According to Ashley Null, the wonderful scholar of the English Reformation, Thomas Cranmer said something close to the following: “What the heart desires, the will chooses, and the mind justifies.” And according to the Prophet Jeremiah “The heart is deceitful above all things, and desperately corrupt; who can understand it?” (Jer 17:9 RSV). This is the doctrine of the bound will, and it is at the heart of the Reformation. If it is true (and we confess that it is), then arguments that appeal to the mind are, at best, tertiary. It is also why, in questions such as theodicy and protest atheism, the heart (or the irrational) must be the first item of interest.
Furthermore, it means (and I realize some people may disagree) that appeals to the rational like “presuppositional” apologetics are of limited value. I'm not saying apologetics don't serve a purpose; certainly, they provide a helpful foundation for many people. But so often, these kind of arguments are presented in a condescending or paternalistic manner, rendering them downright counter-productive. There is nothing more irritating than having someone check your “presuppositions” at every turn. It is more likely to produce a bloody nose than a conversion. At least from me.
It is the heart that lies at the core of the New Yorker article about “theodicy.” It positively screams off the pages when you read the following (supposedly) background information. This first quote is a personal statement from the author of the article, James Wood, and the second is him describing Bart Ehrman, the author of the book under review:
I know this, because it was how I began to separate myself from the somewhat austere Christian environment I grew up in. I remember the day, in my late teens, when I drew a line down the middle of a piece of paper, on one side of which I wrote my reasons for belief in God, on the other my reasons against.
Readers learned that he had been reared in a conservative family in Kansas, was “born again” in high school, attended the fundamentalist Moody Bible Institute, in Chicago, and then Wheaton College, Billy Graham’s alma mater.

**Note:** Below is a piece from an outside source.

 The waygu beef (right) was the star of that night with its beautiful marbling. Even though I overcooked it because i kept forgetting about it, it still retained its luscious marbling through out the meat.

Words such as “austere” and “fundamentalist” belie a strong negative reaction against a Christian environment of law rather than grace. They describe an environment that was most likely long on control/superficiality and short on freedom/comfort to sufferers (and probably not much fun to be raised in!). This could be similar to the story of Wes Craven, who graduated from a conservative Christian college resolved to combat Christianity wherever he found it. To borrow a phrase from our friend Rod Rosenbladt, I believe these are people that have been "wounded by the church."

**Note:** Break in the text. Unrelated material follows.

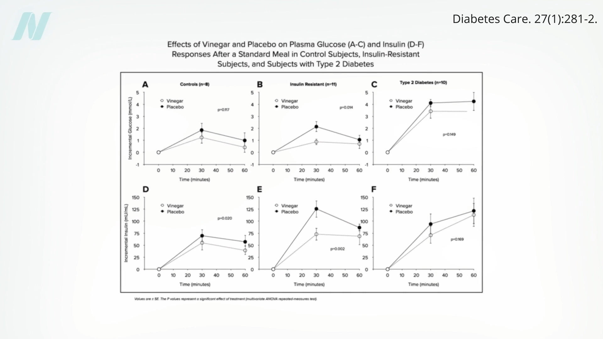 Speaking of How Not to Diet, remember the section on vinegar? The graph below illustrates the blood sugar and insulin spikes that someone with prediabetes may experience after eating a bagel. When that same bagel is consumed alongside a tablespoon or so of apple cider vinegar diluted in about a quarter cup of water, though, the spikes are significantly reduced, as you can see below and at 2:10 in my video.

I certainly hope my saying that doesn’t sound patronizing. I myself have had a long struggle with agnosticism and Christianity that was only decided when I heard the word of grace five years ago in this sermon. Even now, the word “decided” almost seems too strong, especially considering how the things that I value so much, things like grace, freedom, and comfort for sufferers, are so actively opposed/frustrated by elements in the Christian church.
But again, what the heart desires, the will chooses and the mind justifies, and what we have read here is what the mind has justified. In this light, perhaps we can see the two authors as fellow sufferers rather than idealogues to be attacked. This is not to say that Christianity should not be rationally defended. It should. It should only be done, however, with the understanding that the heart ultimately calls the shots. I believe this to be faithful to the insight of the Reformation and would love to hear what you think.